YOUR SOLIN GENERATED RECIPE
Crispy Baked Chicken with Parmesan Crust
Golden-brown chicken cutlets coated in a light, crispy layer of seasoned breadcrumbs and freshly grated parmesan cheese, baked until perfectly juicy inside. Served alongside bright roasted vegetables and fresh herbs for a complete, protein-rich meal that satisfies both nutrition and cravings.
INGREDIENTS
5 oz chicken breast
2 tablespoons grated parmesan cheese
1/4 cup whole wheat breadcrumbs
1 cup broccoli florets
1 large egg white
1 teaspoon olive oil
1 teaspoon Italian seasoning
1/2 teaspoon garlic powder
PREPARATION
Preheat your oven to 400°F (200°C) and line a baking sheet with parchment paper.
In a shallow bowl, combine the whole wheat breadcrumbs, grated parmesan cheese, Italian seasoning, and garlic powder.
In another shallow bowl, whisk the egg white until slightly frothy.
Pat the chicken breast dry with paper towels and season lightly with salt and pepper if desired.

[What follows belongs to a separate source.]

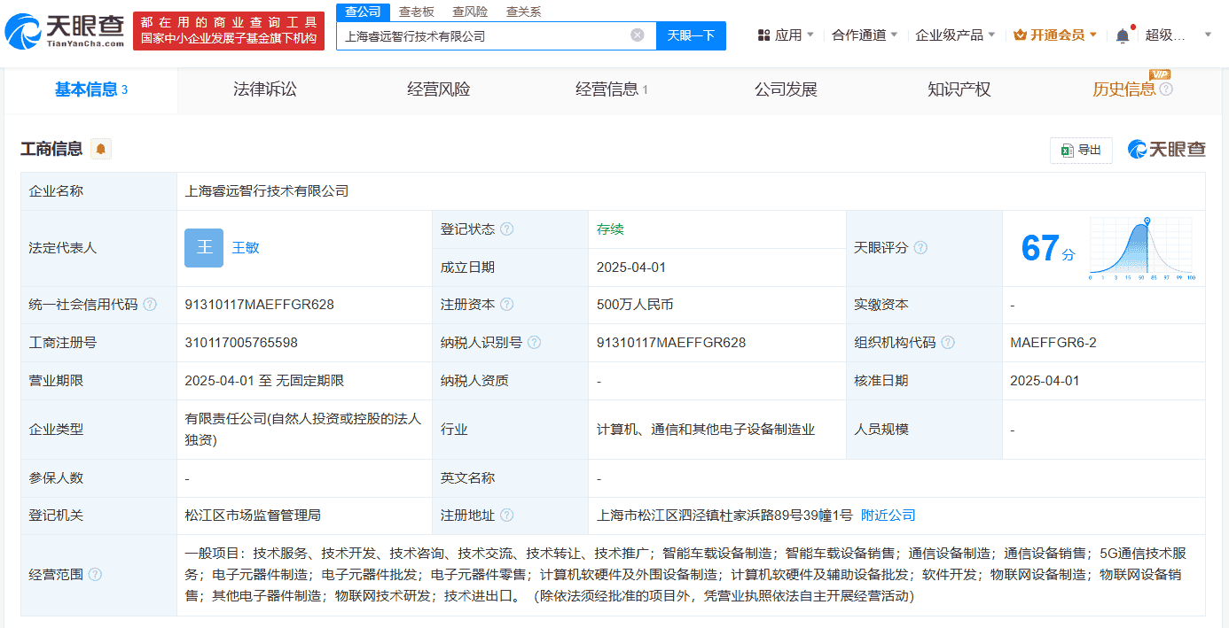 近期,一家专注于智能车载设备及相关技术的新公司——上海睿远智行技术有限公司,已正式宣告成立。据天眼查信息显示,该公司的法定代表人为王敏,注册资本高达500万元人民币,业务范围广泛,涵盖了智能车载设备的制造与销售、5G通信技术服务以及电子元器件的制造等多个领域。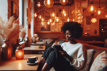 Picture soft lighting illuminating shelves filled with your books that whisper stories of beauty and resilience, while comfortable seating beckons patrons to unwind and lose themselves in reading, writing, creating, or just decompressing. In this serene space, the clatter of the outside world fades away, providing an escape from the chaos of everyday life. Here, every sip of coffee complements the turning of a page, creating a unique atmosphere that fosters connection and creativity. This future location isn’t just a bookstore; it’s a community hub where individuals can unwind, decompress, be in uninterrupted deep thought, & nurture their artistic souls in a peaceful, harmonious environment.

Dip the chicken breast in the egg white, allowing excess to drip off.
Coat the chicken thoroughly in the breadcrumb mixture, pressing gently to adhere.
Place the breaded chicken on the prepared baking sheet and lightly drizzle with olive oil.
On the same baking sheet, toss broccoli florets with a small amount of the remaining olive oil.
Bake for 20-25 minutes, or until the chicken is golden brown and reaches an internal temperature of 165°F (74°C).
Let the chicken rest for 5 minutes before slicing and serving with the roasted broccoli.